### Input for this task
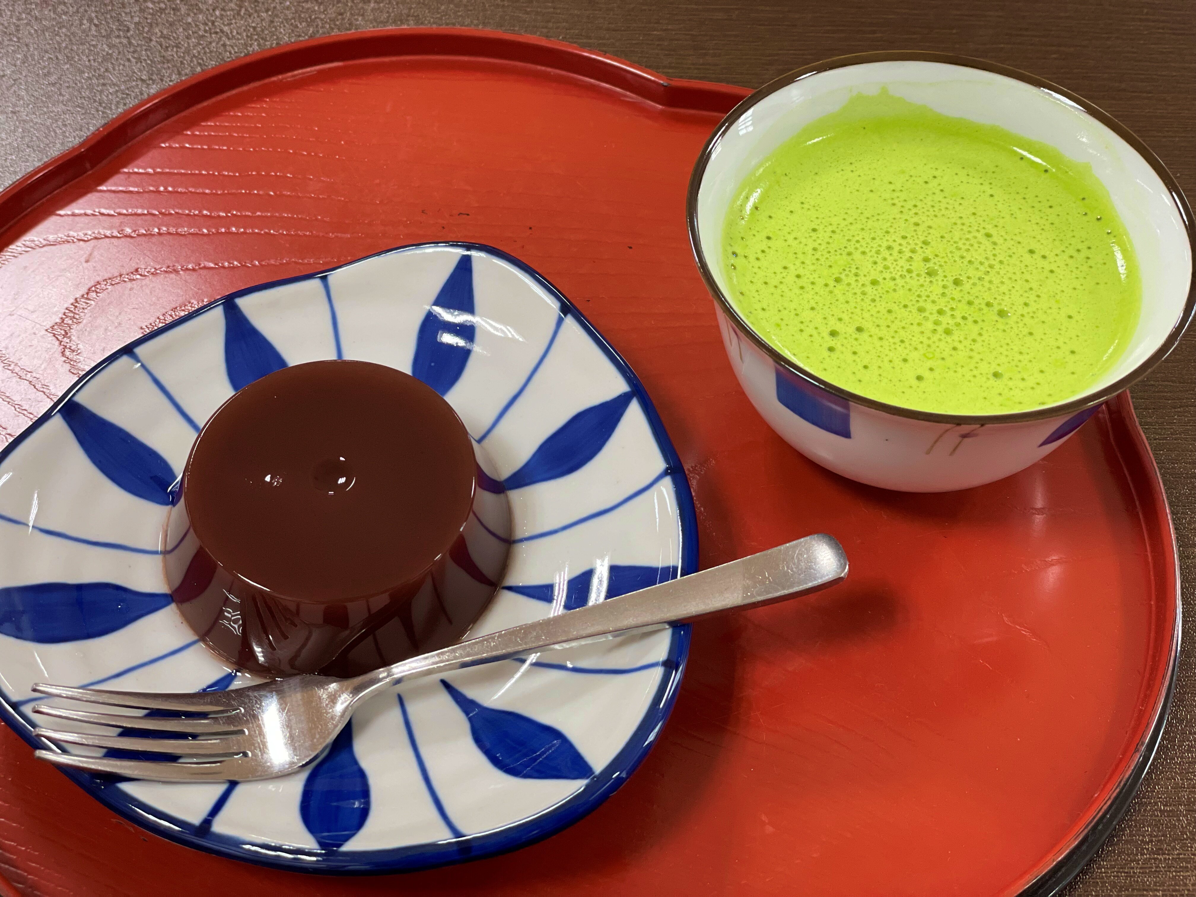 写真撮影をしながらお待ちいただいている皆様に"水羊羹"といまどきな"抹茶ラテ"
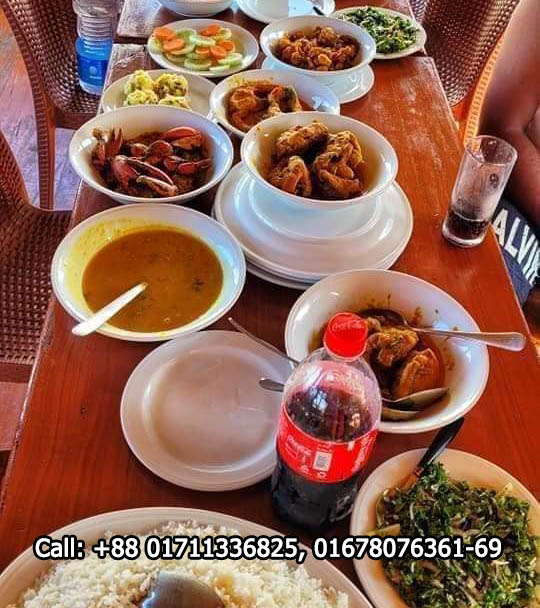 দুপুরঃ সাদা ভাত+ মুরগি+ চাপিলা মাছ /কাচকি মাছ ফ্রাই+ বড়ো মাছ+ মিক্সড ভেজিটেবল+ ডাল+ ডেজার্ট+ সালাদ + কোল্ড ড্রিংকস+ চা/কফি।
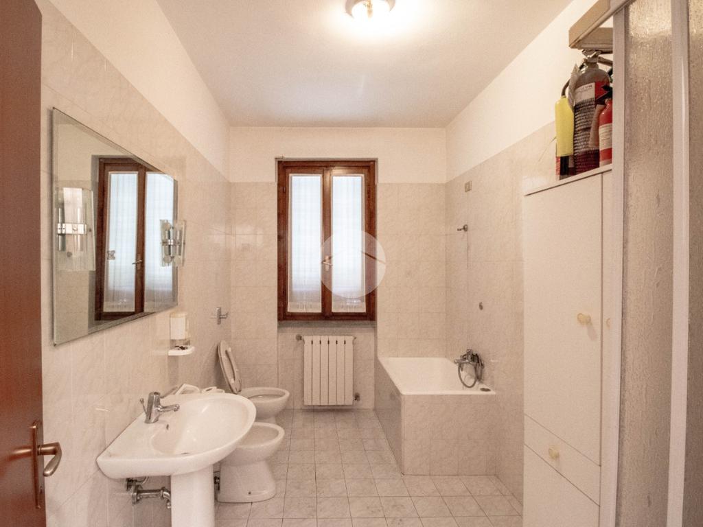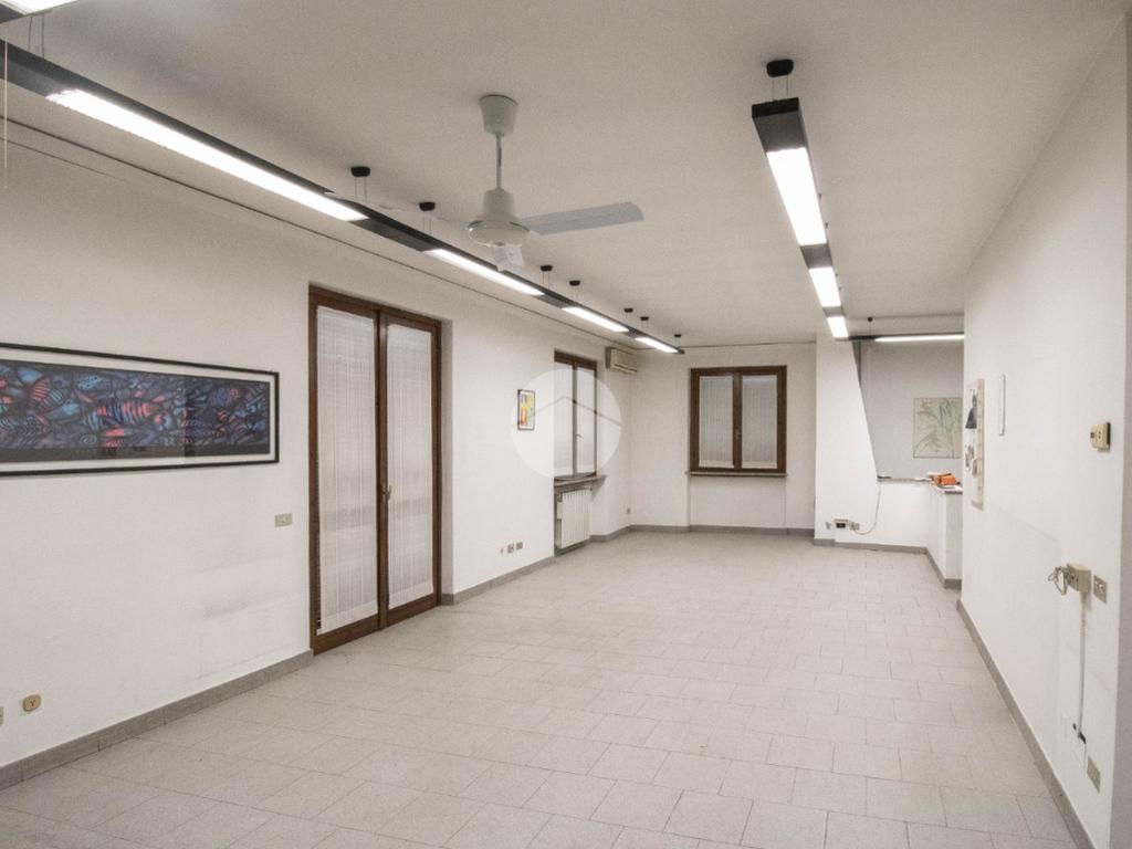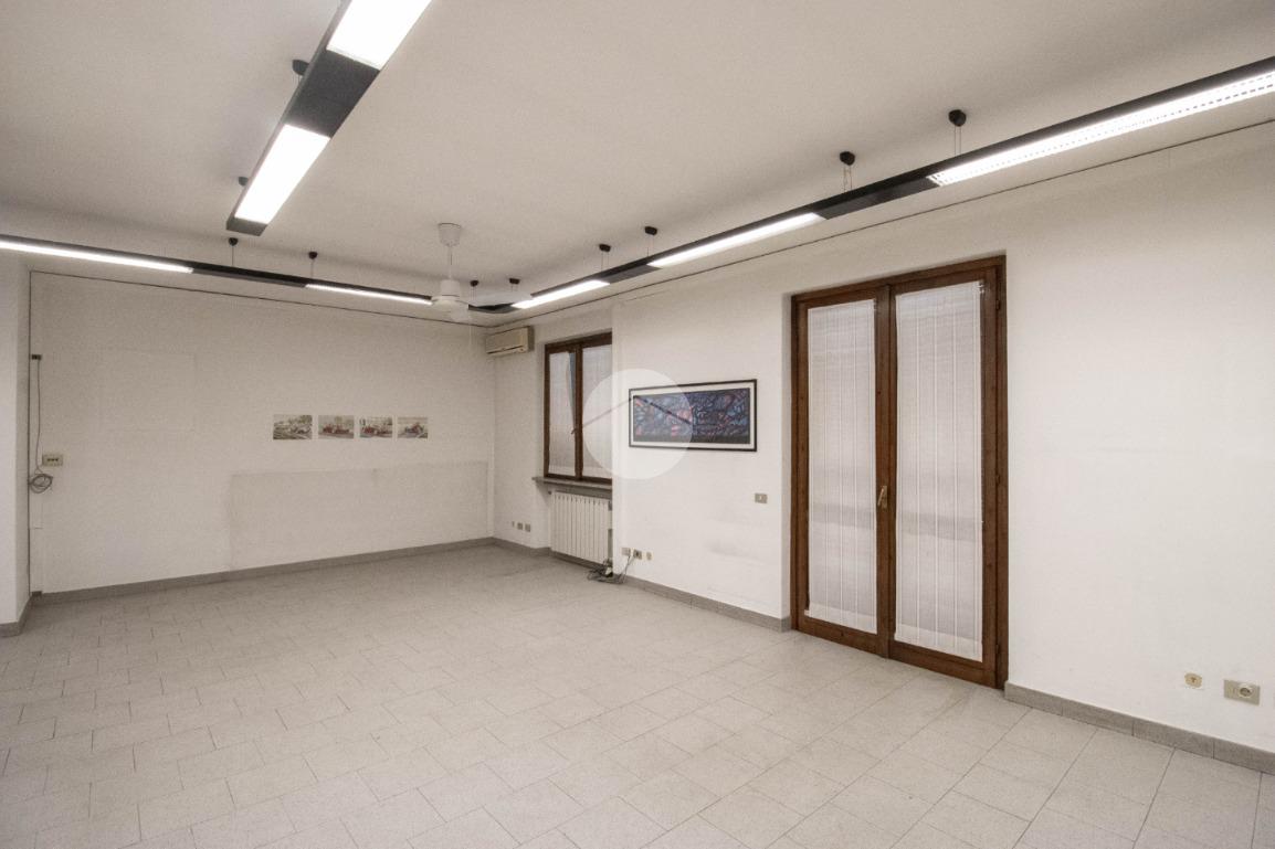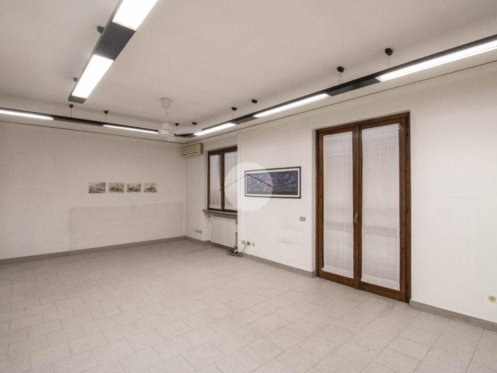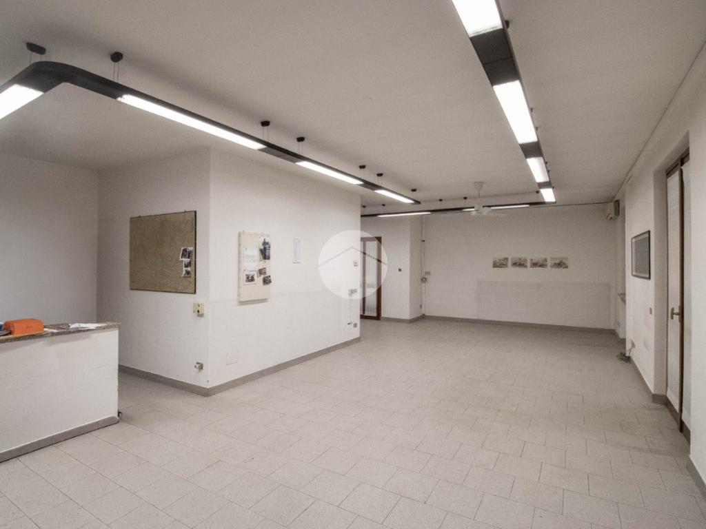 - Al piano terra troviamo circa 55 metri quadrati di negozio open space, avente altezza 3,3 metri, molto luminoso grazie a tre ampie vetrine fronte strada, dotate di saracinesca scorrevole motorizzata, e particolarmente visibile data la presenza di uno spazioso portico di 20 metri quadrati, ad uso esclusivo; sullo stesso livello è inoltre presente un funzionale bilocale di 65 metri quadrati circa, composto da soggiorno open space con cucina abitabile, una camera da letto e un comodo servizio igienico privato;
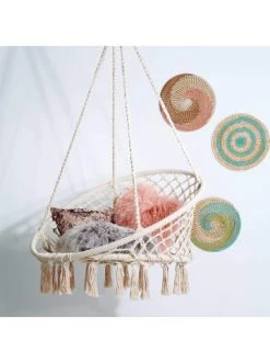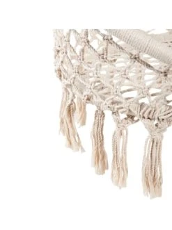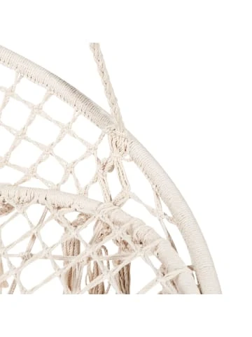 Der Paradise Now Hängesessel greift mit creme-farbener Baumwolle, Makramee-Look und Fransen die lässige Entspanntheit der 70er Jahre auf und übersetzt dieses Lebensgefühl in ein trendiges Wohnstück zum Seele baumeln lassen – z. B. in einem gemütlichen Erker, im lichtdurchfluteten Wintergarten oder draußen auf der Terrasse. – Der runde Hängesesselwirkt mit seinem geflochtenen Design zeitlos und bringt Helligkeit und Leichtigkeit ins Zuhause. – Sie machen es sich in Ihren Wohnräumen, draußen im Garten oder auf dem Balkon richtig gemütlich. – Die Hängesessel schafft locker das Tragegewicht eines Erwachsenen und die geflochtene Baumwolle lässt den Stuhl besonders hochwertig und natürlich wirken. – Der Sitz zum Aufhängen ist aus heller Baumwolle, Polyester und Stahl. – Der Ring des Sessels beträgt Ø 100 cm. Aufgehangen ohne Fransen beträgt die Sesselhöhe 125 cm, mit Fransen 145 cm. Abhängig von der Decken-Aufhängung.
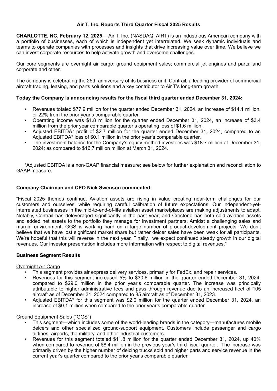 Air T, Inc. Reports Third Quarter Fiscal 2025 Results CHARLOTTE, NC, February 12, 2025— Air T, Inc. (NASDAQ: AIRT) is an industrious American company with a portfolio of businesses, each of which is independent yet interrelated. We seek dynamic individuals and teams to operate companies with processes and insights that drive increasing value over time. We believe we can invest corporate resources to help activate growth and overcome challenges. Our core segments are overnight air cargo; ground equipment sales; commercial jet engines and parts; and corporate and other. The company is celebrating the 25th anniversary of its business unit, Contrail, a leading provider of commercial aircraft trading, leasing, and parts solutions and a key contributor to Air T’s long-term growth. Today the Company is announcing results for the fiscal third quarter ended December 31, 2024: • Revenues totaled $77.9 million for the quarter ended December 31, 2024, an increase of $14.1 million, or 22% from the prior year’s comparable quarter. • Operating income was $1.8 million for the quarter ended December 31, 2024, an increase of $3.4 million from the prior year comparable quarter’s operating loss of $1.6 million. • Adjusted EBITDA* profit of $2.7 million for the quarter ended December 31, 2024, compared to an Adjusted EBITDA* loss of $0.1 million in the prior year’s comparable quarter. • The investment balance for the Company’s equity method investees was $18.7 million at December 31, 2024; as compared to $16.7 million million at March 31, 2024. *Adjusted EBITDA is a non-GAAP financial measure; see below for further explanation and reconciliation to GAAP measure. Company Chairman and CEO Nick Swenson commented: “Fiscal 2025 themes continue. Aviation assets are rising in value creating near-term challenges for our customers and ourselves, while requiring careful calibration of future expectations. Our independent-yet- interrelated businesses in the mid-to-end-of-life aviation asset marketplaces are making adjustments to adapt. Notably, Contrail has deleveraged significantly in the past year; and Crestone has both sold aviation assets and added net assets to the portfolio they manage for investment partners. Amidst a challenging sales and margin environment, GGS is working hard on a large number of product-development projects. We don’t believe that we have lost significant market share but rather deicer sales have been weak for all participants. We’re hopeful that this will reverse in the next year. Finally, we expect continued steady growth in our digital revenues. Our investor presentation includes more information with respect to digital revenues.” Business Segment Results Overnight Air Cargo • This segment provides air express delivery services, primarily for FedEx, and repair services. • Revenues for this segment increased 5% to $30.6 million in the quarter ended December 31, 2024, compared to $29.0 million in the prior year’s comparable quarter. The increase was principally attributable to higher administrative fees and pass through revenue due to an increased fleet of 105 aircraft as of December 31, 2024 compared to 85 aircraft as of December 31, 2023. • Adjusted EBITDA* for this segment was $2.0 million for the quarter ended December 31, 2024, an increase of $0.1 million when compared to the prior year’s comparable quarter. Ground Equipment Sales (“GGS”) • This segment—which includes some of the world-leading brands in the category—manufactures mobile deicers and other specialized ground-support equipment. Customers include passenger and cargo airlines, airports, the military, and other industrial customers. • Revenues for this segment totaled $11.8 million for the quarter ended December 31, 2024, up 40% when compared to revenue of $8.4 million in the previous year’s third fiscal quarter. The increase was primarily driven by the higher number of deicing trucks sold and higher parts and service revenue in the current year's quarter compared to the prior year's comparable quarter.
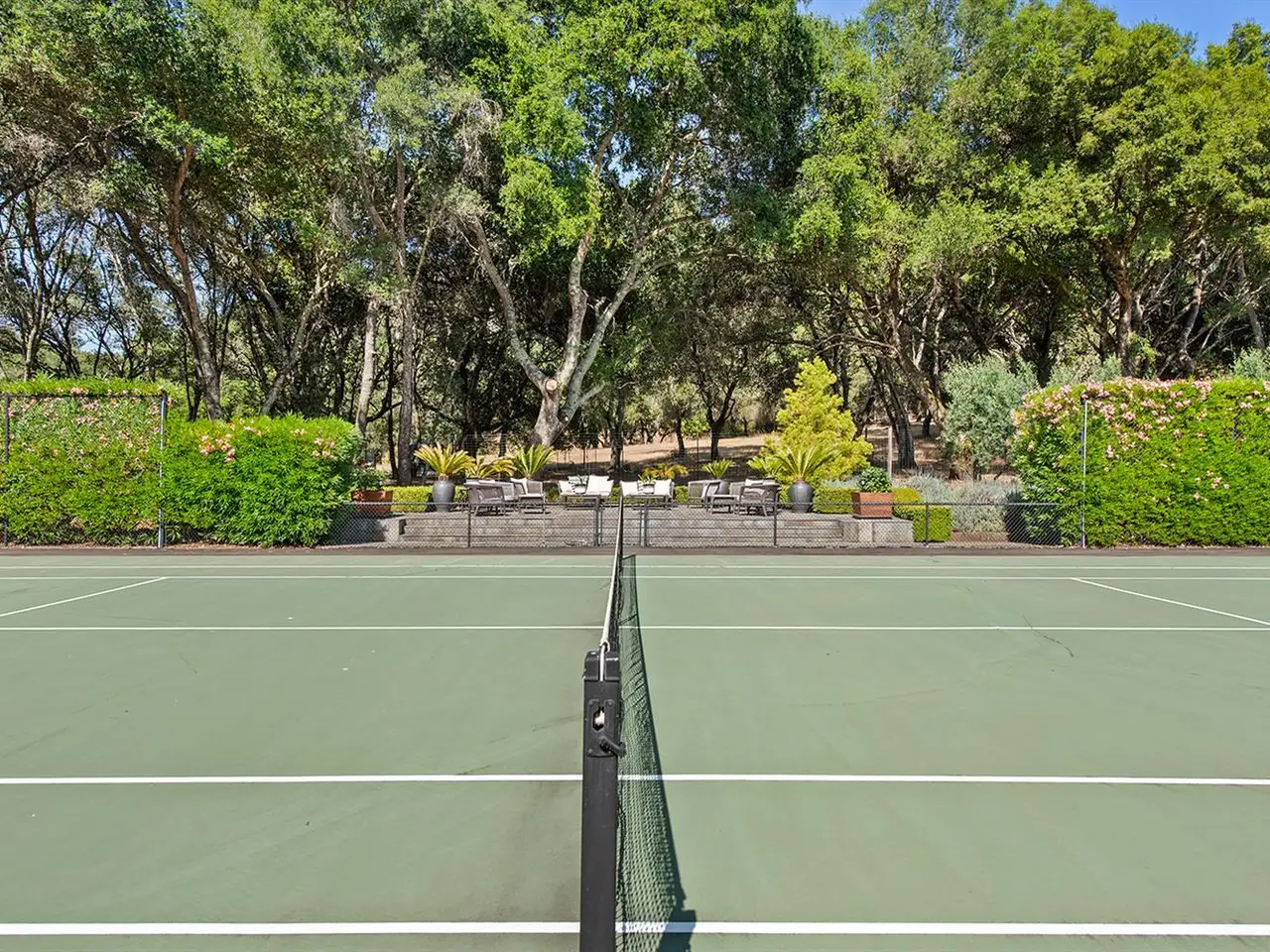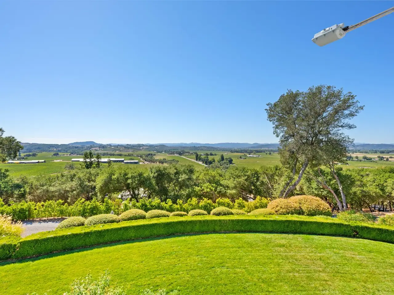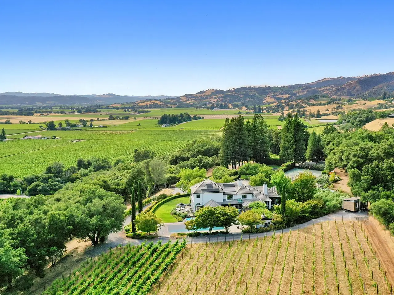 Welcome to 4395 Pine Flat Road, an elegant Healdsburg estate offering some of the most breathtaking views in Sonoma County. Just minutes from downtown yet worlds away, this extraordinary property blends luxury, comfort, and resort-style amenities on 10-plus mostly usable acres. The main residence consists of a four-bedroom, five-bathroom home is designed for both entertaining and everyday living. High ceilings, rich wood floors, and expansive windows frame vineyard and mountain vistas at every turn. Highlights include a Chef's kitchen with bar seating and seamless flow to the outdoor dining pavilion, formal dining room and multiple living spaces including a family room, library/office, gym, and wine cellar, main-level suite perfect for guests or multi-generational living, upstairs primary suite with private balcony, sitting area, and generous storage. A spacious detached studio offers flexible use for guests or extended family. Its outdoor entertainment area, complete with fireplace, is ideal for gatherings under the stars. This estate was made for relaxation and play, featuring a sparkling pool and hot tub, tennis court and bocce court, outdoor kitchen and vineyard-view dining, orchard, rose gardens, and raised garden beds, serene spots for birdwatching or simply doing nothing at all.
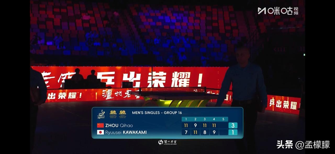 周启豪(CHN)3-1川上流星(JPN)【11-7,9-11,11-8,11-9】

### Assignment
Starting with the first line of the data above, write out each line exactly up to and including the line that holds "- Al piano terra". Pictures stay out.

### Worked solution
 写真撮影をしながらお待ちいただいている皆様に"水羊羹"といまどきな"抹茶ラテ"
 দুপুরঃ সাদা ভাত+ মুরগি+ চাপিলা মাছ /কাচকি মাছ ফ্রাই+ বড়ো মাছ+ মিক্সড ভেজিটেবল+ ডাল+ ডেজার্ট+ সালাদ + কোল্ড ড্রিংকস+ চা/কফি।
 - Al piano terra troviamo circa 55 metri quadrati di negozio open space, avente altezza 3,3 metri, molto luminoso grazie a tre ampie vetrine fronte strada, dotate di saracinesca scorrevole motorizzata, e particolarmente visibile data la presenza di uno spazioso portico di 20 metri quadrati, ad uso esclusivo; sullo stesso livello è inoltre presente un funzionale bilocale di 65 metri quadrati circa, composto da soggiorno open space con cucina abitabile, una camera da letto e un comodo servizio igienico privato;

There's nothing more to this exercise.